Exercise aim ▸ Write out the listing, please, but only from its first line through the line containing "Hoti is een", exactly as given and without pictures.

The data ▸

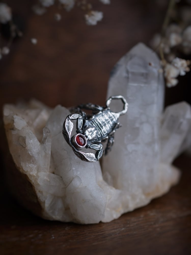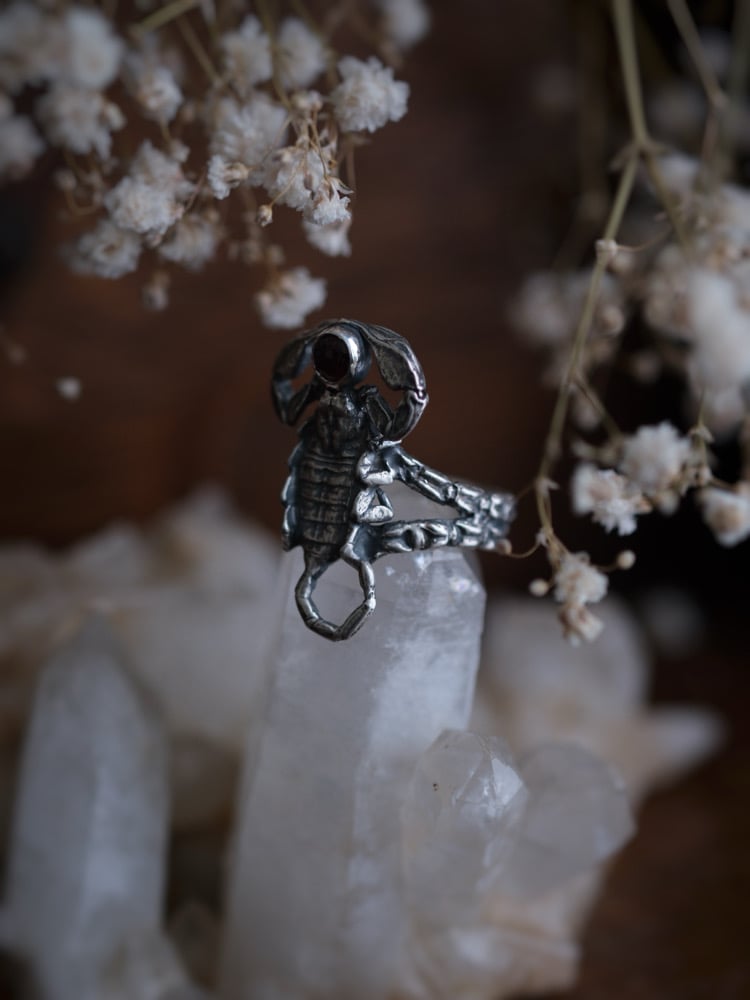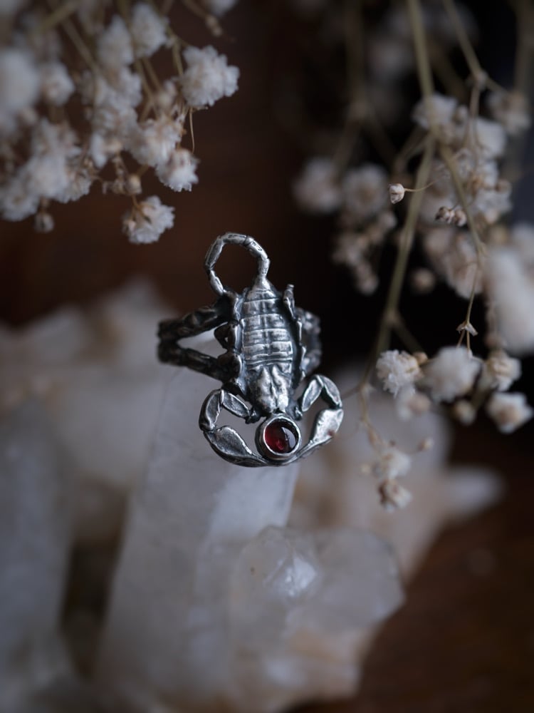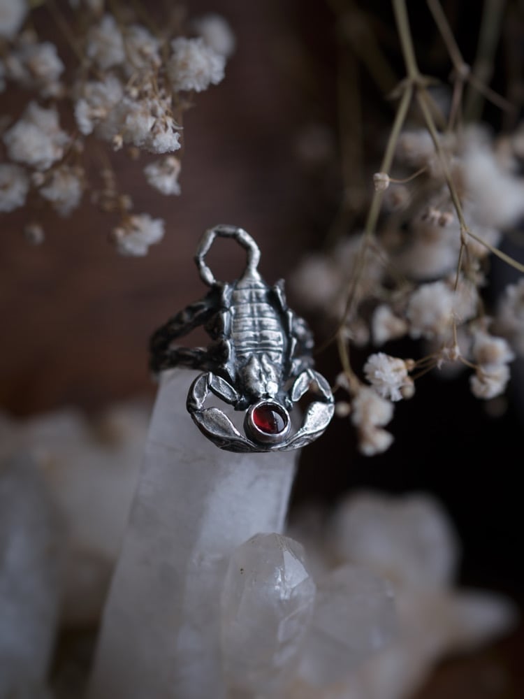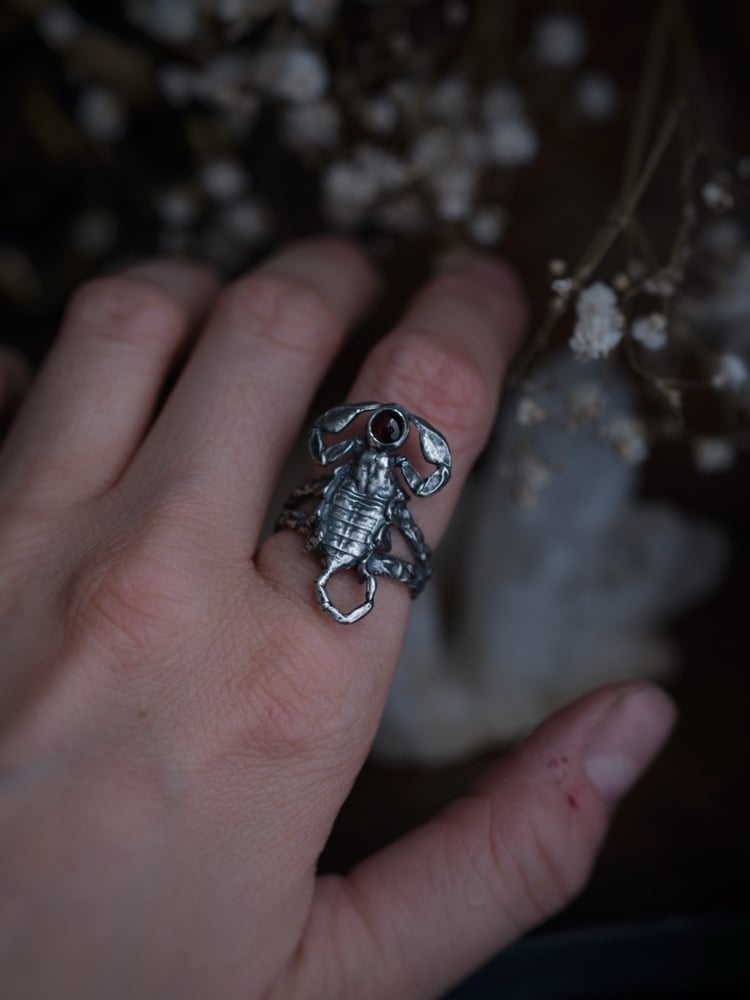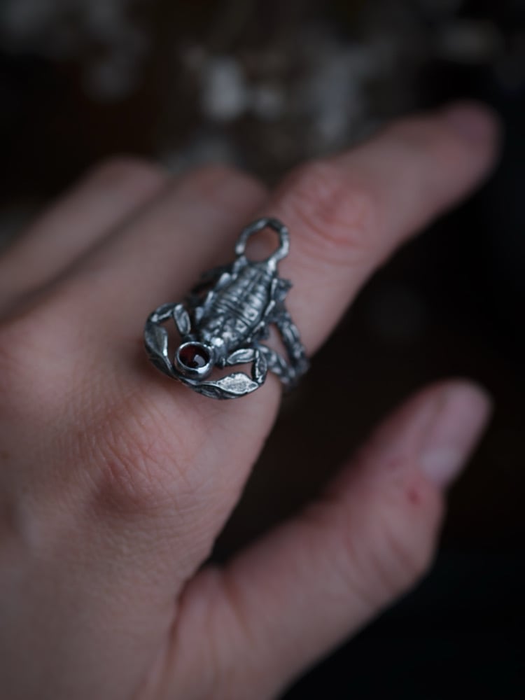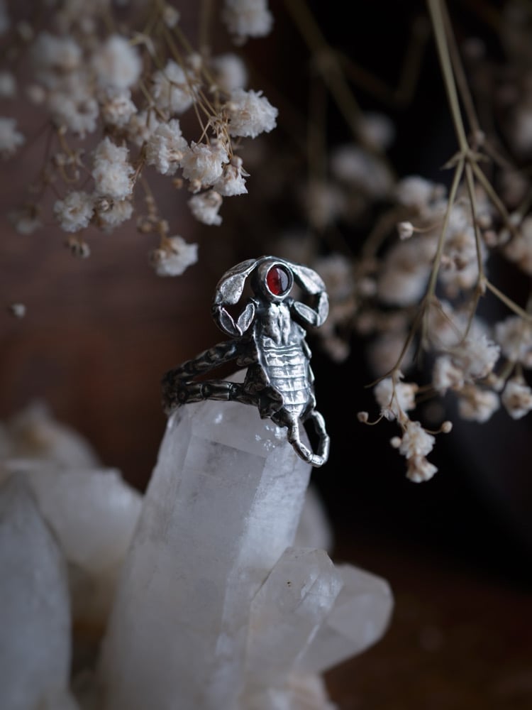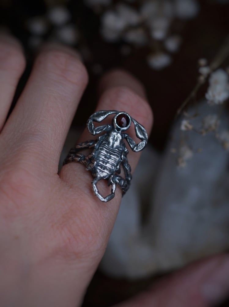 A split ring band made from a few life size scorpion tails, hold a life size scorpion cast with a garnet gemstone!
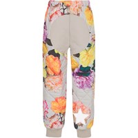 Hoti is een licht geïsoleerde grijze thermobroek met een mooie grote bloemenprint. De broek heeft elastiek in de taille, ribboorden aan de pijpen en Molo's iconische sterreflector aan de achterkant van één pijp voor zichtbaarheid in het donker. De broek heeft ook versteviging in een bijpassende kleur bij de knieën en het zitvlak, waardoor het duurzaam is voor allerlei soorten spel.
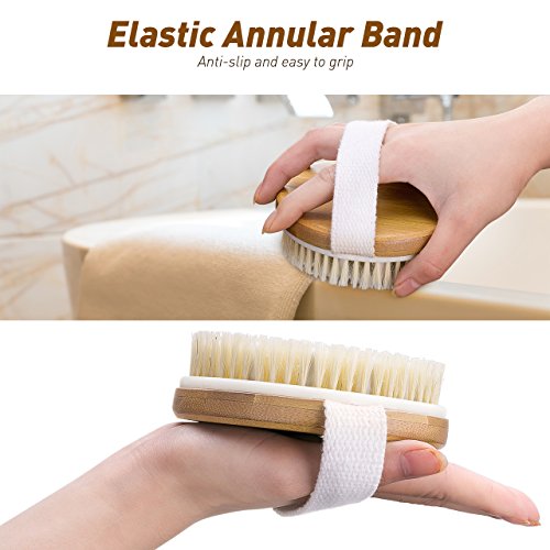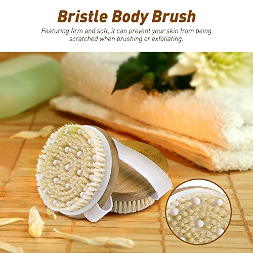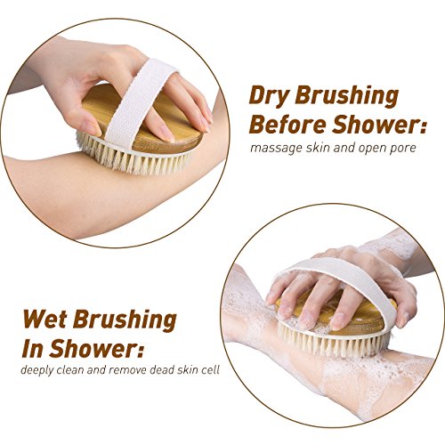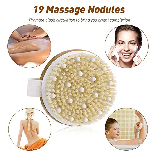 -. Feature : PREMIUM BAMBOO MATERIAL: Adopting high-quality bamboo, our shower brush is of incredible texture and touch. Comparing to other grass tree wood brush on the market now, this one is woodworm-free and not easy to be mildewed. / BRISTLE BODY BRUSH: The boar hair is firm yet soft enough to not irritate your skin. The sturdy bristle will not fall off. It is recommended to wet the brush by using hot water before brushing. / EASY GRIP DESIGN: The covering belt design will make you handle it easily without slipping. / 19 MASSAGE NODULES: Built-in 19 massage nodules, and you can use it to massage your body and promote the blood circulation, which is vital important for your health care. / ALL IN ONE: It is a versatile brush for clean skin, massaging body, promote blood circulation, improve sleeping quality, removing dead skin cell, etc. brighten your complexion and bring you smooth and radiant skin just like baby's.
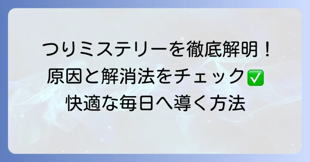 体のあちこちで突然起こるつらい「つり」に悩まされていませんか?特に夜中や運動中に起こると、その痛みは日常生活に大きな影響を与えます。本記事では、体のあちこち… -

Task result ▸
 A split ring band made from a few life size scorpion tails, hold a life size scorpion cast with a garnet gemstone!
 Hoti is een licht geïsoleerde grijze thermobroek met een mooie grote bloemenprint. De broek heeft elastiek in de taille, ribboorden aan de pijpen en Molo's iconische sterreflector aan de achterkant van één pijp voor zichtbaarheid in het donker. De broek heeft ook versteviging in een bijpassende kleur bij de knieën en het zitvlak, waardoor het duurzaam is voor allerlei soorten spel.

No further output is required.